The ban immediately outlawed the sale or purchase of “assault-style” semi-automatic and .50-caliber rifles. The legislation listed 60 such models and takes aim at all “AR-style” weapons that have detachable magazines and pistol grips. Such weapons have been used in a number of high-profile mass shootings, including one in Highland Park, Illinois last summer that prompted the legislation.

The law also bans magazines holding more than 10 rounds for long guns and 15 rounds for pistols. Illinois residents who already own the banned firearms or high-capacity magazines are required to register them with local law enforcement, and provide serial numbers, by January 1, 2024.

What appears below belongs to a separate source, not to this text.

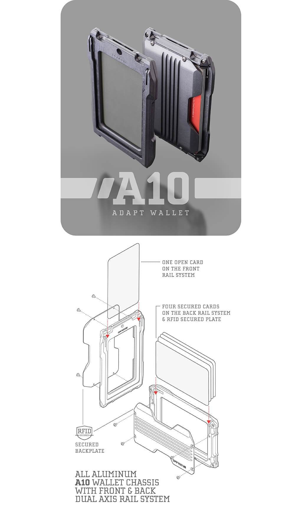The A10 Adapt Wallet is the basis of A10 series and it can be used by itself as a slim all aluminum wallet. You can also transform into a higher capacity wallet with the full range of separately sold pocket adapters (or ready-made configurations). It requires no tools to quickly adapt from one wallet to another - the adapters all share an innovative quick release sliding back-plate that swiftly glides along the A10’s rail system.

At least eight states, along with the District of Columbia, have similar bans on the books, among them California, Connecticut, Massachusetts, New York and New Jersey. Three other states — Virginia, Minnesota, and Washington — have passed strict regulations on the weapons but not banned them outright. A number of local jurisdictions around the country, including Cook County in the Chicago area, have similar rules covering the rifles.

Legal experts consulted by the Chicago Tribune agreed with the state rifle association’s assessment that portions of the law are “clearly unconstitutional,” especially in light of the Supreme Court’s ruling last summer in the New York Rifle and Pistol Association v. Bruen case that dramatically expanded Americans’ Second Amendment rights. A UCLA law professor and gun rights scholar, Adam Winkler, told the paper that the law “is going to be challenged, and there is a good chance it will be overturned.”